Annuities are a retirement product for those who may have the ability to pay a premium now and want to
guarantee they receive certain monthly payments or a return on investment later in the future. Annuities are
contracts issued by a life insurance company designed to meet requirements or other long-term goals. An
annuity is not a life insurance policy. Variable annuities are long-term investments to meet retirement and other
long-range goals. Variable annuities are unsuitable for meeting short-term goals because substantial taxes and
insurance company charges may apply if you withdraw your money early. Variable annuities also involve
investment risks, just as mutual funds do.
Non-U.S. securities present certain risks such as currency fluctuation, political and economic change, social
unrest, government regulation changes, accounting differences, and the lesser degree of accurate public
information available.
Past performance is not indicative of future results.
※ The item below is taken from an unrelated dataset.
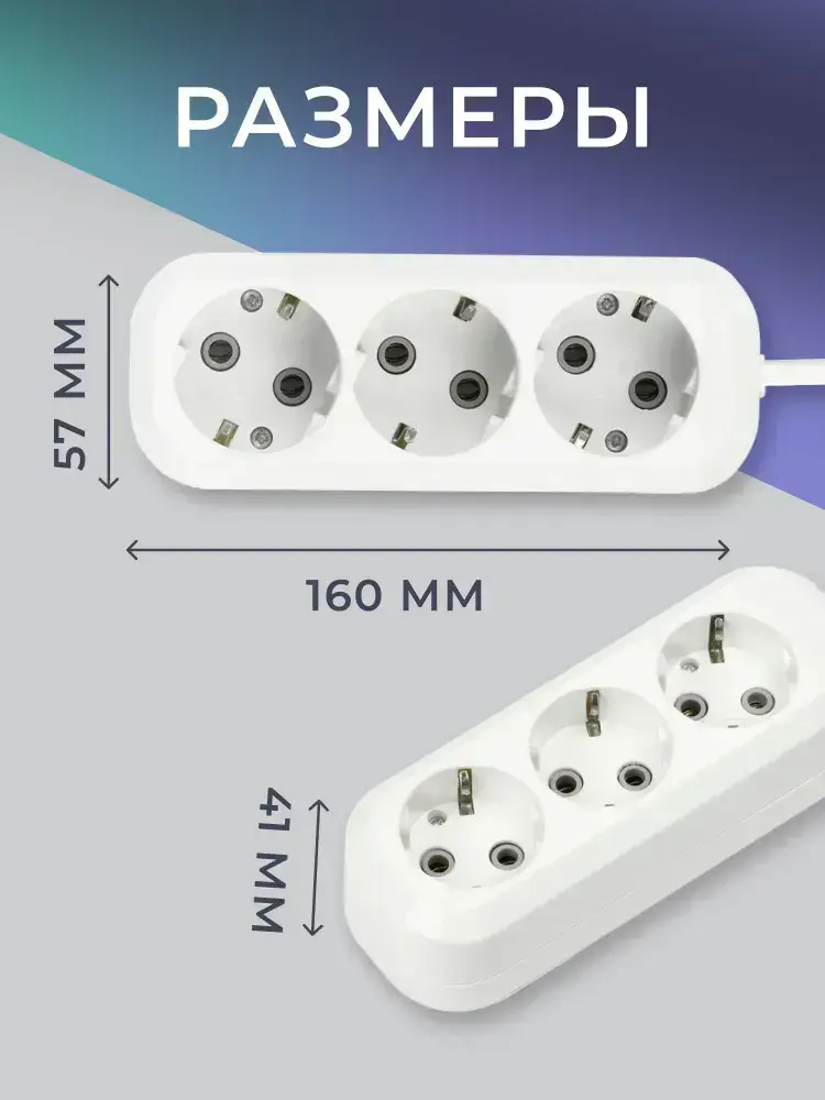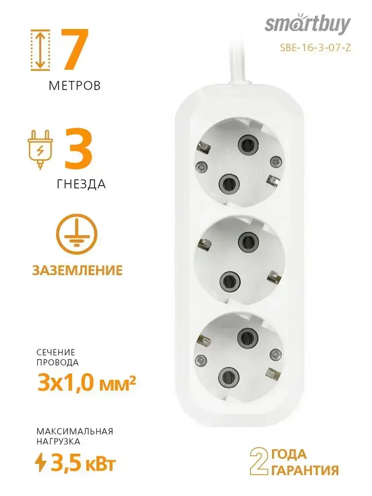 Удлинитель сетевой 3 розетки, 7 метров

Investing in securities involves a risk of loss that
you, as a client, should be prepared to bear.
Item 9: Disciplinary Information
A. Criminal or Civil Actions
There are no criminal or civil actions to report.
B. Administrative Proceedings
There are no administrative proceedings to report.
C. Self-regulatory Organization (SRO) Proceedings
There are no self-regulatory organization proceedings to report.
Item 10: Other Financial Industry Activities and Affiliations
A. Registration as a Broker/Dealer or Broker/Dealer Representative
Neither FFPN nor its Investment Adviser Representatives are registered with a Broker/Dealer.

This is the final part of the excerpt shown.